From 8a2b005d4ac755953696a16cf682366ebc88c421 Mon Sep 17 00:00:00 2001
From: Tour <tour@example.com>
Date: Tue, 9 Dec 2025 07:11:09 +0100
Subject: [PATCH] move.venv

---
 src/cache.py                    |   2 +-
 src/graphql_client.py           |  11 --
 src/scraper.py                  |  18 ++-
 test/test_description_simple.py |  51 ++++++++
 test/test_missing_fields.py     | 208 ++++++++++++++++++++++++++++++++
 5 files changed, 276 insertions(+), 14 deletions(-)
 create mode 100644 test/test_description_simple.py
 create mode 100644 test/test_missing_fields.py

diff --git a/src/cache.py b/src/cache.py
index 43081cf..b3ff940 100644
--- a/src/cache.py
+++ b/src/cache.py
@@ -315,7 +315,7 @@ class CacheManager:
                 (url, compressed_content, time.time(), status_code)
             )
             conn.commit()
-            print(f"  → Cached: {url} (compressed {ratio:.1f}%)")
+            print(f"  -> Cached: {url} (compressed {ratio:.1f}%)")
 
     def clear_old(self, max_age_hours: int = 168):
         """Clear old cache entries to prevent database bloat"""
diff --git a/src/graphql_client.py b/src/graphql_client.py
index b2991c2..654d4bd 100644
--- a/src/graphql_client.py
+++ b/src/graphql_client.py
@@ -31,17 +31,6 @@ query AuctionData($auctionId: TbaUuid!, $locale: String!, $platform: Platform!)
 LOT_BIDDING_QUERY = """
 query LotBiddingData($lotDisplayId: String!, $locale: String!, $platform: Platform!) {
   lotDetails(displayId: $lotDisplayId, locale: $locale, platform: $platform) {
-    estimatedFullPrice {
-      min {
-        cents
-        currency
-      }
-      max {
-        cents
-        currency
-      }
-      saleTerm
-    }
     lot {
       id
       displayId
diff --git a/src/scraper.py b/src/scraper.py
index 3af4b70..4a256ab 100644
--- a/src/scraper.py
+++ b/src/scraper.py
@@ -358,7 +358,7 @@ class TroostwijkScraper:
                 conn = sqlite3.connect(self.cache.db_path)
                 cursor = conn.cursor()
                 cursor.execute("""
-                    SELECT followers_count, estimated_min_price, current_bid, bid_count, closing_time
+                    SELECT followers_count, estimated_min_price, current_bid, bid_count, closing_time, status
                     FROM lots WHERE lot_id = ?
                 """, (lot_id,))
                 existing = cursor.fetchone()
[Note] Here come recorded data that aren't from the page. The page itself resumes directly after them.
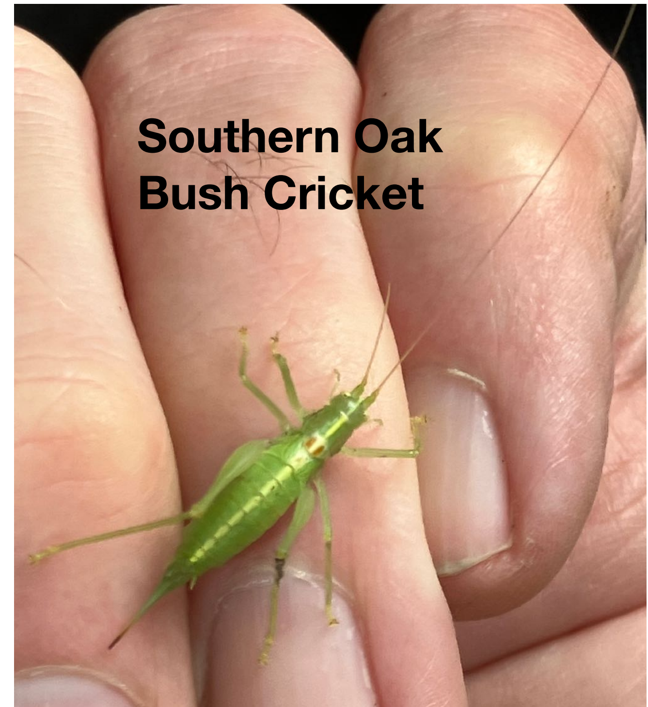
Southern Oak Bush Cricket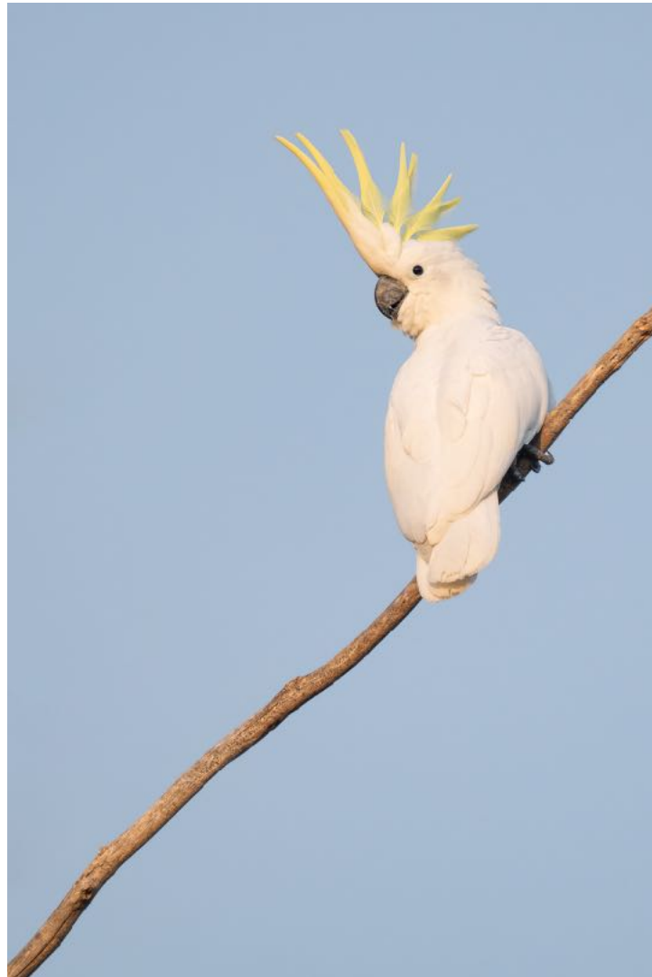
Sulphur-crested Cockatoo: Photo by Guide - Ben Knoot

The Northern Territory like all places has a lot of “generalists”. These birds can really hang in any habitat category. We see these birds over the course of the entire tour in various habitats. Birds like; Torresian Crow, Magpie Lark, White-breasted Woodswallow, Dollarbird, Red-backed Fairywren, Brown Honeyeater, Brown Falcon, Red-tailed Black Cockatoo, Galah, Great Bowerbird, Sacred and Forest Kingfisher, Red-winged Parrot, Paperbark Flycatcher, Little Corella, Sulfur-crested Cockatoo, Rainbow Bee-eater, Blue-winged Kookaburra, Brown Goshawk, Black Kite, White-bellied Cuckoo-shrike, Red-collared Lorikeet, Cockatiel, Whistling Kite, Peaceful and Bar-shouldered Dove.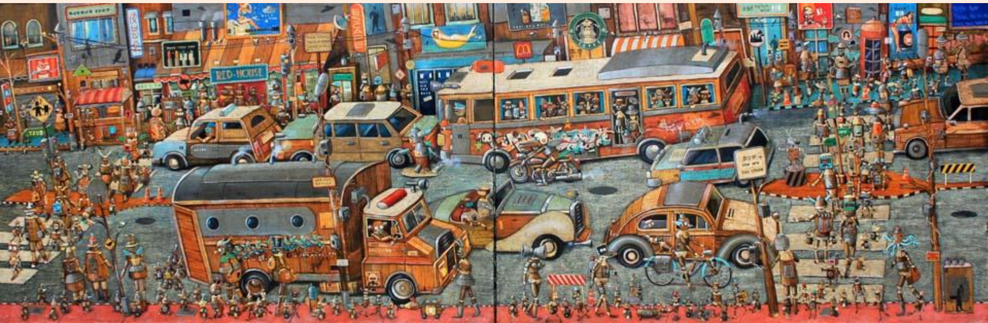
Gatot Indrajati | CULTURE SHOCK | 2012 | Acrylic on canvas | 125 x 400cm (2 Panel)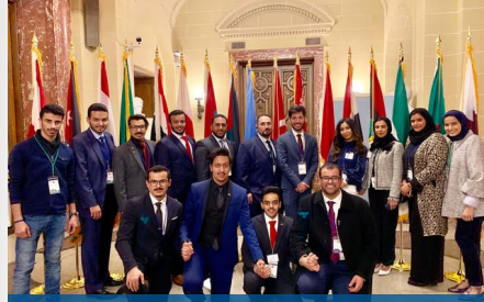
Marymount University Saudi Students Association (SSA)

The Saudi Arabian Cultural Mission to the USA recently named the Marymount University Saudi Students Association (SSA) as the third best Saudi Students Association in the United States among 300 Saudi Students Associations and number one in the Washington metropolitan area. This designation celebrates their highly effective participation inside and outside the Marymount University Community for the 2017-2018 school year.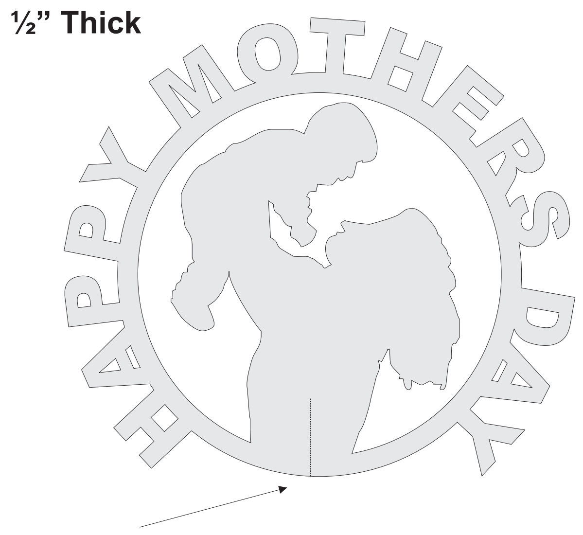
Drill 1/4" hole for dowel rod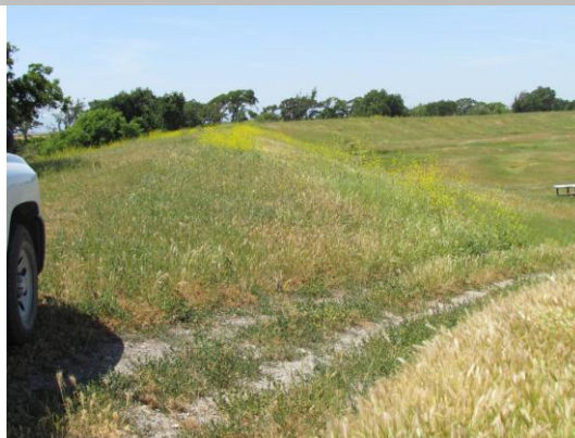
Tall weed grasses covering the landside levee slope.

* Location LS : Land Side WS : Water Side CR : Crown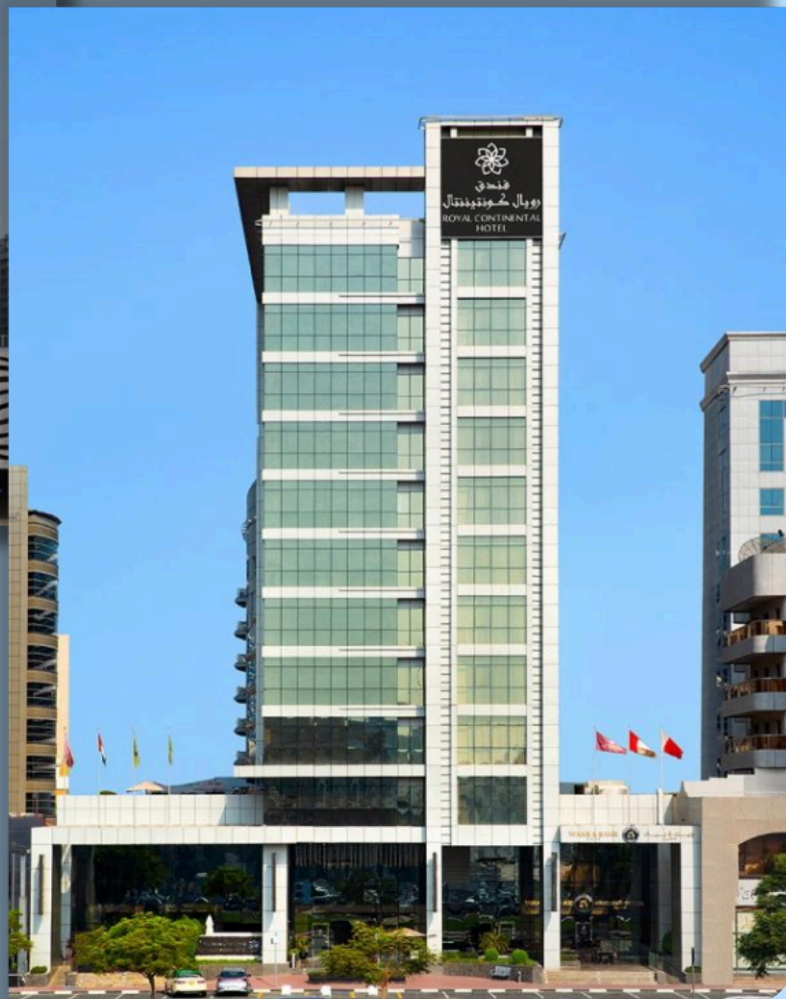
Royal Continental Hotel Deira, Dubai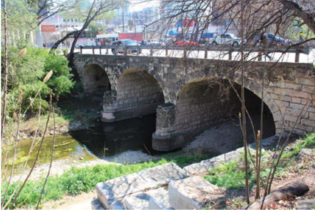
West 6th Street Bridge, Shoal Creek, Austin, Texas

Thank you to the Texas Historical Commission as well as the Conservancy's Historic Bridge Committee for your support of this project.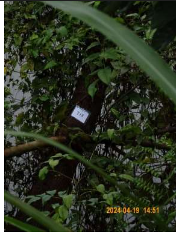
T018 – Tree tag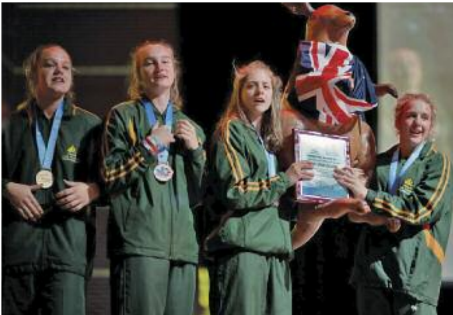
The Fair Play Award is presented to the girls' 4X100-metre relay team from Macquaria, Australia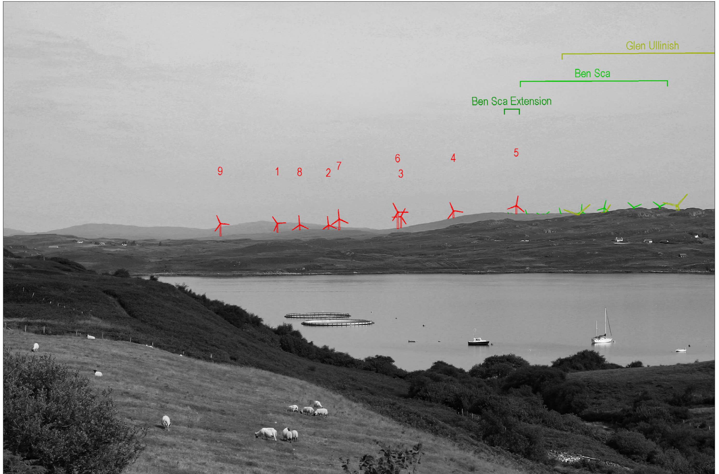
Viewpoint 11: Ardtreck, Minginish - Monochrome Analysis

This image should be viewed at a comfortable arm's length (Approx. 500 mm)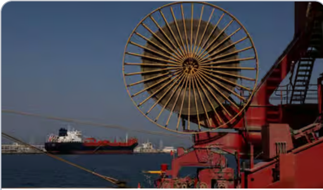
Analysis-Global oil inventories depleted, next price spike could roil...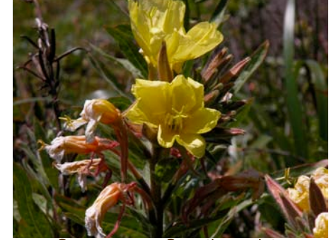
Onagraceae - Oenothera elata ssp. hookeri (Hooker's evening primrose)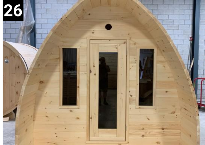
26 Finished front look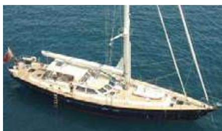
TIGA BELAS Length: 24.59 m Guest/Crew: 8/2 Area: West Mediterranean Rate: From EUR 22 000/week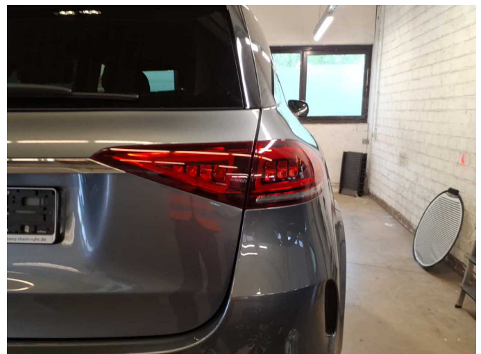
Figure 24: Misc.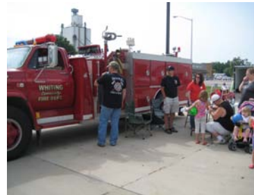
Whiting Fire Department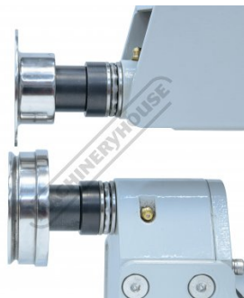
Lower Edge Forming Die with Knife Edge Tipping Die Side View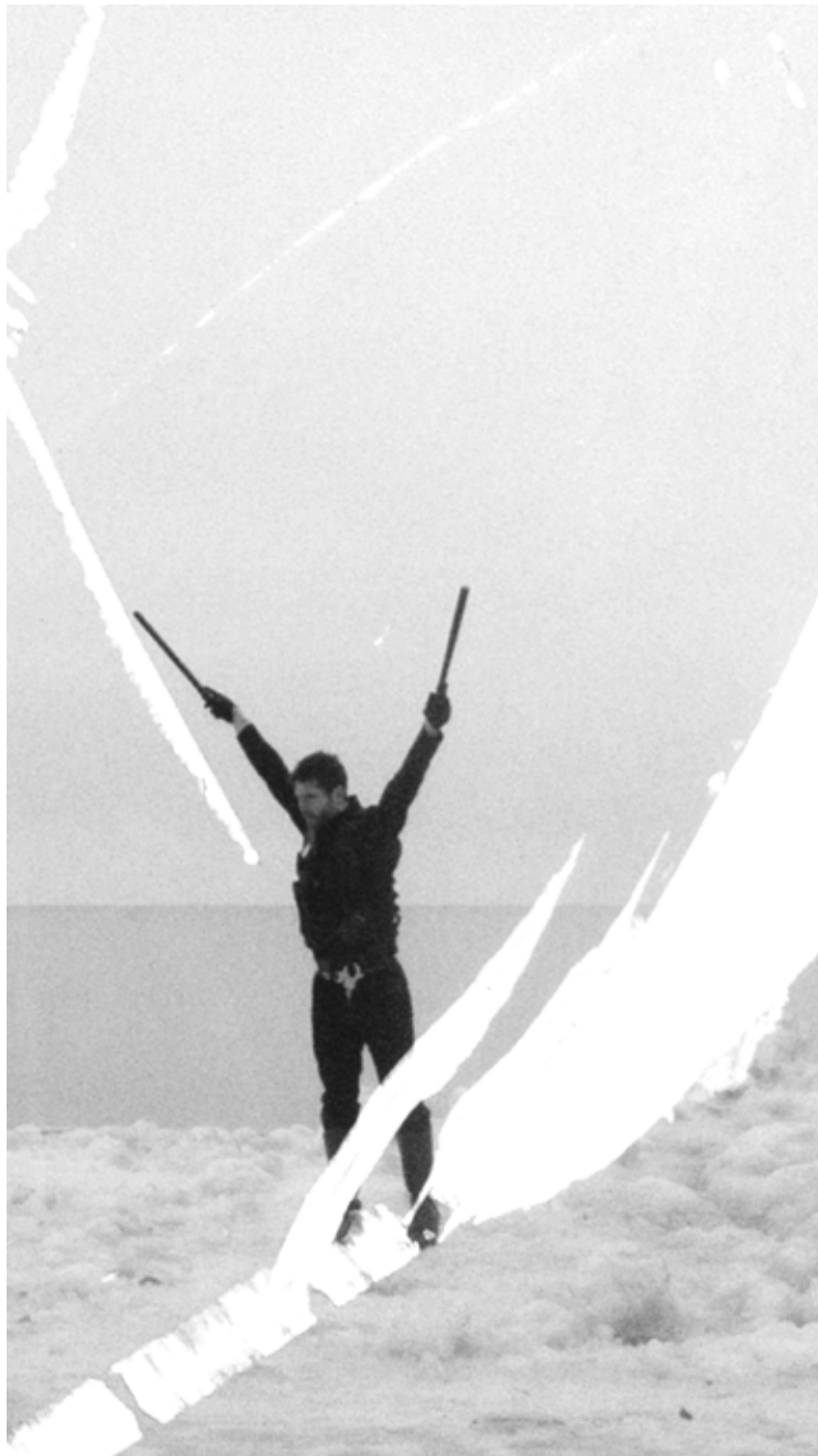
Karthik Pandian, Chrysalis , 2014, HD video still, Courtesy of the artist and Grimm Gallery, Amsterdam

The butterfly in the chrysalis is not only blinded but also suspended, weightless. I imagine it's an experience not altogether unlike floating in a sensory deprivation tank, which is something I've been doing in lieu of going to the studio lately. The «films» I work on in there are like a cinema of pure potential – timeless, edgeless, disembodied. This blindness can be productive; it puts pressure on appearance, makes you see differently, etc. But there's also a Bartleby dimension to it. A preference not to produce. An effort to accumulate instead of expend intensity. An attempt to commune with sheer negativity that perhaps draws us closer to being. The purest light is the imagined light, the one that emanates from our consciousness, projected into the void [...].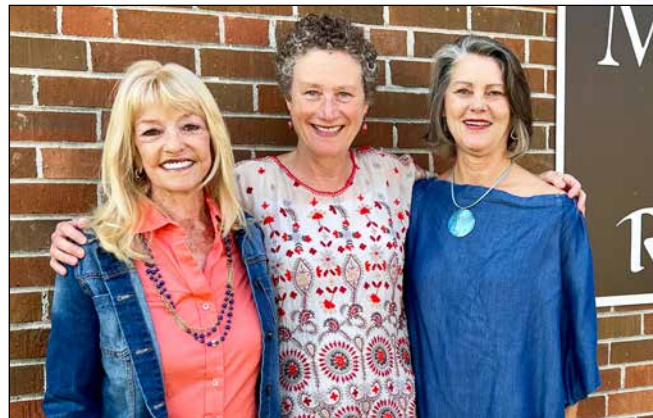
Volunteers make our resale stores go!

Income generated from the sale of donated merchandise is used to pay off operational expenses, sales taxes, and the cost of minimal paid staff and many volunteers. After expenses, the remaining revenue is used on our charitable efforts, including Mountain Projects' unrestricted emergency fund that allows our agency to assist individuals in the community with challenges that aren't covered by grant funding.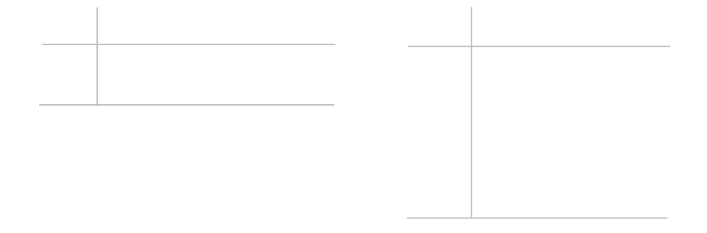
Table 2. Percentage of Jordan ES Teachers who Met Individual and Team SLOs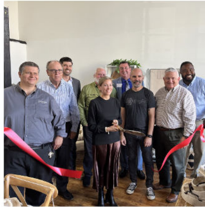
Grand Opening/ Ribbon Cutting High Vibrations Home New Bedford, MA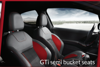
GTI semi bucket seats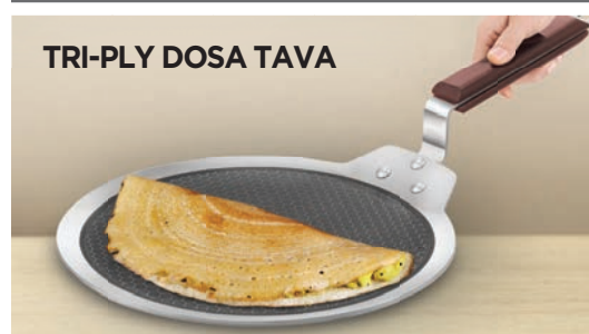
TRI-PLY DOSA TAVA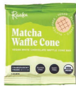
Raaka Chocolate Matcha Waffle Cone SRP: $5 Booth: 5671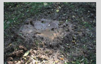
Feral hog wallow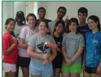
Students from Florida Atlantic University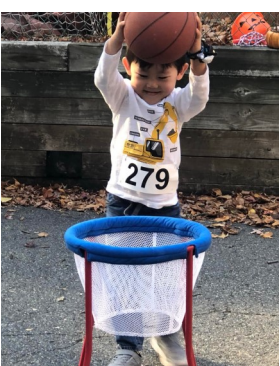
Centenary holds Turkey Trot Triathlon!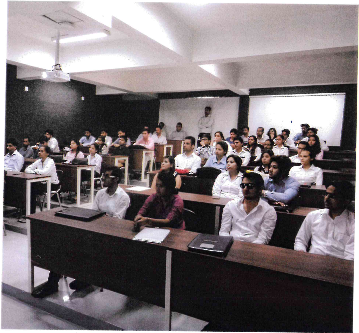
Employability Training on Soft Skills & Aptitude Development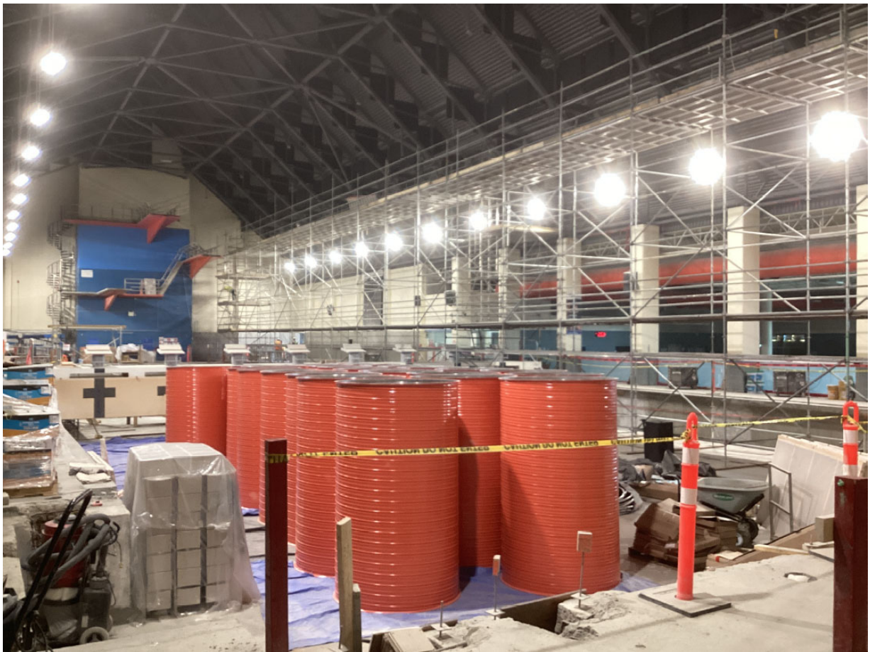
General site view: Pool HVAC units painted and staged for installation on erected scaffolding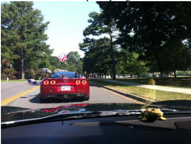
Down the road they go Pete's vette in front of Tommy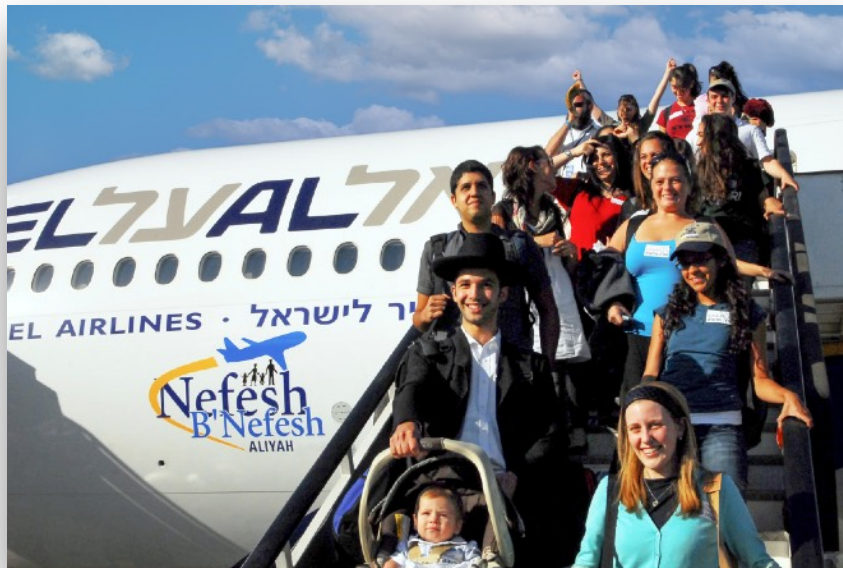
Hundreds of Jewish people are immigrating to Israel every week

The miracle of this prophecy in Deuteronomy, however, is not found in the annals of history; it's happening today, right now, as you are reading this booklet. Every year, thousands of Jewish people immigrate to Israel from over 105 countries around the world. In 2025, Israel welcomed home over 22,000 Jewish people from around the world who chose to leave behind their current life and start a new one in the land of Israel. 6 That means, on average, more than 60 people are being gathered every single day from the farthest parts of the earth and brought home to the land of their ancestors. Talk about prophecy fulfilled!

@@ -377,6 +377,8 @@ class TroostwijkScraper:
                     page_data['estimated_min_price'] = existing[1]
                     page_data['current_bid'] = existing[2] or page_data.get('current_bid', 'No bids')
                     page_data['bid_count'] = existing[3] or 0
+                    page_data['closing_time'] = existing[4]  # Add closing_time
+                    page_data['status'] = existing[5] or ''   # Add status
                     bidding_data = None
                     bid_history_data = None
                 else:
@@ -439,7 +441,19 @@ class TroostwijkScraper:
 
             if bidding_data:
                 formatted_data = format_bid_data(bidding_data)
-                page_data.update(formatted_data)
+
+                # Merge data intelligently - don't overwrite existing fields
+                # Parser (from __NEXT_DATA__) has: description, category, images
+                # API has: current_bid, bid_count, closing_time, status, followers, estimates
+                # Keep parser data, enhance with API data
+                for key, value in formatted_data.items():
+                    # Only update if current value is missing/empty
+                    current_value = page_data.get(key)
+                    if current_value is None or current_value == '' or current_value == 0 or current_value == 'No bids':
+                        page_data[key] = value
+                    # Special case: always update bid_count if API has higher value
+                    elif key == 'bid_count' and isinstance(value, int) and value > current_value:
+                        page_data[key] = value
 
                 # Enhanced logging with new intelligence fields
                 print(f"  Bid: {page_data.get('current_bid', 'N/A')}")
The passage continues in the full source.